I've made some changes this week.  I've realized that xmd(4) is as
strange as mem(4). :)  I believe its design is clarified now (I'll
fix mdsetimage(8) soon).  The only remaining problem is its name.

> 
> 
> > >  - as we discussed before, the addition of bus_space_physload() and 
> > > related
> > >    interfaces seems very strange to me, especially since the two 
> > > implementations
> > >    you've added both do exactly the same thing (call bus_space_mmap() on 
> > > the
> > >    start and end of the address range, and then call uvm_page_physload()
> > >    with the resulting paddr_t values).  is there any reason this can't be
> > >    a MI function?   also, the non-device versions of these are unused.
> > 
> > I'll move these code to sys/common.
> 
> the location in the source tree isn't the weird part.
> but a common implementation is an improvement.
> 
> 
> > bus_space_physload(9) will be used when a driver wants to register
> > its memory as a general purpose memory (linked into free list).
> > Think PCI RAM over bridges.  I've not written a driver to do this,
> > but it's trivial.
> > 
> > We also have to fix uvm_page_physload() so that it can be called
> > at run-time, not only boot-time.  But this is beyond this branch.
> > 
> > >  - in many files the only change you made was to replace the include of
> > >    <uvm/uvm_extern.h> with <uvm/uvm.h>, what's the reason for that?
> > 
> > To reduce rebuild time when I worked on uvm_page.[ch].  Basically
> > uvm_page.h is internal to UVM.  Touching it outside of UVM is simply
> > wrong.
> > 
> > I'll put it back before the merge, to avoid potential build failures.
> 
> thanks.

Do you agree that exposing uvm_page.h to external world is wrong?
Touch uvm_page.h, rebuild a kernel, then think.  Why do those
rebuilt files care about uvm_page.h definitions?  This is a design
problem, putting it back is just a work-around.

> 
> 
> > >  - we talked before about removing the "xip" mount option and enabling
> > >    this functionality automatically when it's available, which you did
> > >    but then recently changed back.  so I'll ask again,
> > >    why do we need a mount option?
> > 
> > I put it back because otherwise I can't know if a mount is XIP or
> > not explicitly.  Mount option is the only way to know mount condition.
> > This is more a VFS/mount design problem.
> 
> is your desire to control whether the mount accesses the device via mappings,
> or just to be able to see whether or not the device is being accessed via
> mappings?

Both.

My understanding is that mount options change only its internal behavior.
I don't see how MNT_LOG and MNT_XIP differ.  Mount is done only by
admins who know internals.  There may be cases where an XIP device
is much slower than RAM, and page cache is wanted.

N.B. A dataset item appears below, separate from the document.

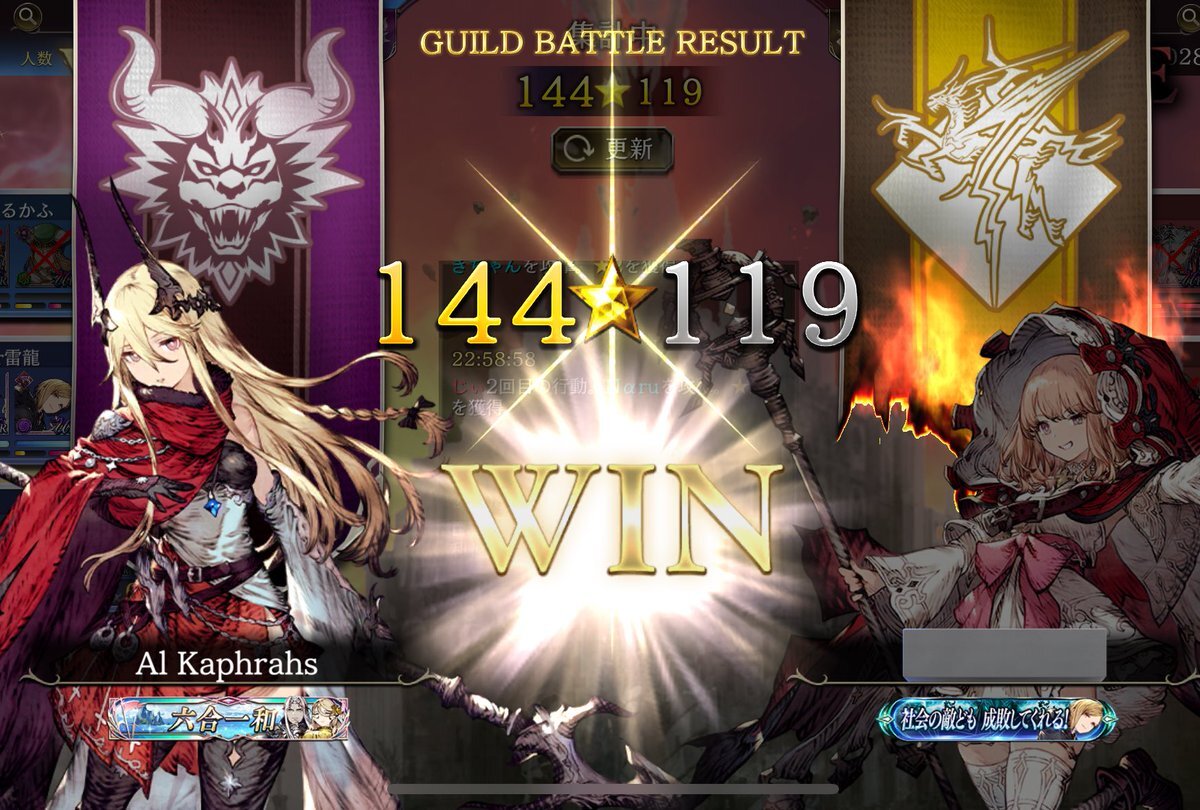 限定最終戦も勝利!\( 'ω')/ 首位を守るには絶対に負けられない3位のギルドさんとの戦い!2位のギルドさんとのポイントは僅差でとにかく星をなるべくとらないと! 全員攻撃で144星、あるかふ連携パワー出し切りました(*´Д`*) #あるかふ🧸 #幻影戦争 pic.x.com/w2RFhyGkSt

I also think that mount option is the only way to configure per-mount
behavior.

> 
> 
> > >  - as we've discussed before, I think that the XIP genfs_getpages()
> > >    should be merged with the existing one before you merge this into
> > >    -current.  merging it as-is would make a mess, and it's better to
> > >    avoid creating messes than than to promise to clean them up later.
> > >    we've probably already spent more time arguing about it than
> > >    it would have taken you to do it.
> > > 
> > >  - similarly, I don't think that we should have a separate XIP putpages.
> > >    why doesn't the existing genfs_do_putpages() work for XIP pages as-is?
> > 
> > This part I'm not convinced.  Your argument can be hardly an excuse
> > for you to not work on merging genfs_getpages() and genfs_do_io(). ;)
> > 
> > If you *really* want me to work on this before the merge (which I
> > do hope not), I'd create a separate branch to refactor genfs totally
> > into smaller pieces as I did for uvm_fault.c.  If you trust my
> > refactoring-fu.
> 
> well, it's been about a decade since I wrote this code so my memory is
> a bit hazy as to how it ended up that way, but from looking at the cvs
> history a bit just now, I think that the getpages and putpages paths
> started off completely separate, and when I added the directio code,
> I split genfs_do_io() out of the putpages code and called it from both.
> yes, it would have been good to merge the getpages version at that point
> too, but there wasn't a point where I took a unified code path and made
> a copy of it.
> 
> and I'm not giving any argument for not merging these functions,
> I'm saying that their existance is not a good excuse to make another copy.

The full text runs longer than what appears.